| Task directions |
From the listing below, restate word for word the lines from the line containing "オレンジシャーベットのキュー" down through the line containing "ரயில் நிலையத்தின் அடிப்படை". Exclude pictures.

| Input data |
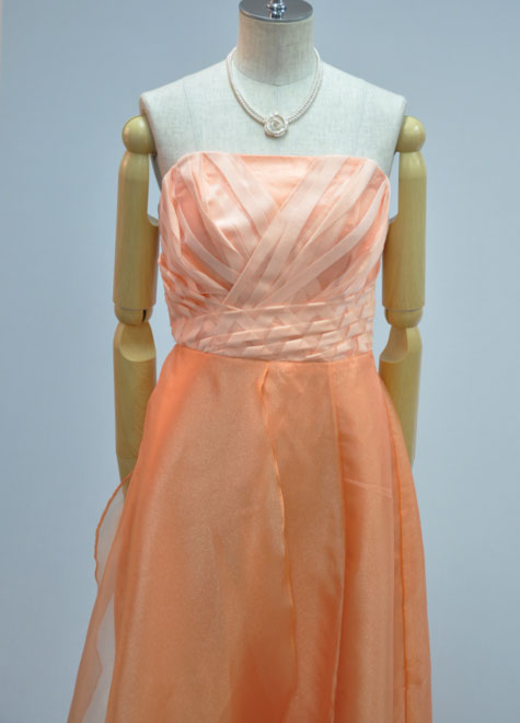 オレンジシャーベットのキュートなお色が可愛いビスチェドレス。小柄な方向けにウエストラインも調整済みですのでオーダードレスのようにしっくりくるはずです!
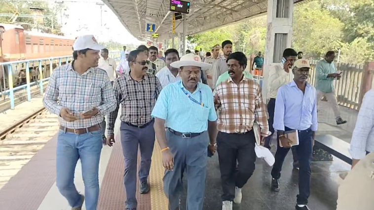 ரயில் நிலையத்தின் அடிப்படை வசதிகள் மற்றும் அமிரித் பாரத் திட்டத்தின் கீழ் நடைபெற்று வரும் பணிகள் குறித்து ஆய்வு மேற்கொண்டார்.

--

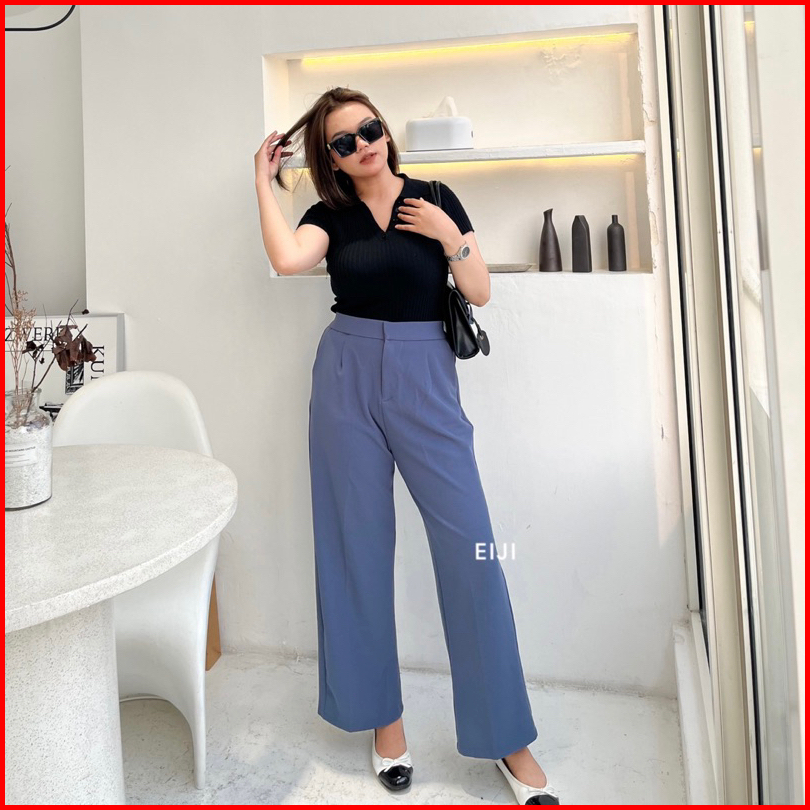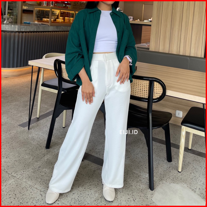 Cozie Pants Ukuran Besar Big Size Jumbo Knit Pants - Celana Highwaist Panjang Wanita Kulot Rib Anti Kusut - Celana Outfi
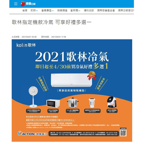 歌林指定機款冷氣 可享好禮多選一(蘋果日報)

| Solved exercise |
 オレンジシャーベットのキュートなお色が可愛いビスチェドレス。小柄な方向けにウエストラインも調整済みですのでオーダードレスのようにしっくりくるはずです!
 ரயில் நிலையத்தின் அடிப்படை வசதிகள் மற்றும் அமிரித் பாரத் திட்டத்தின் கீழ் நடைபெற்று வரும் பணிகள் குறித்து ஆய்வு மேற்கொண்டார்.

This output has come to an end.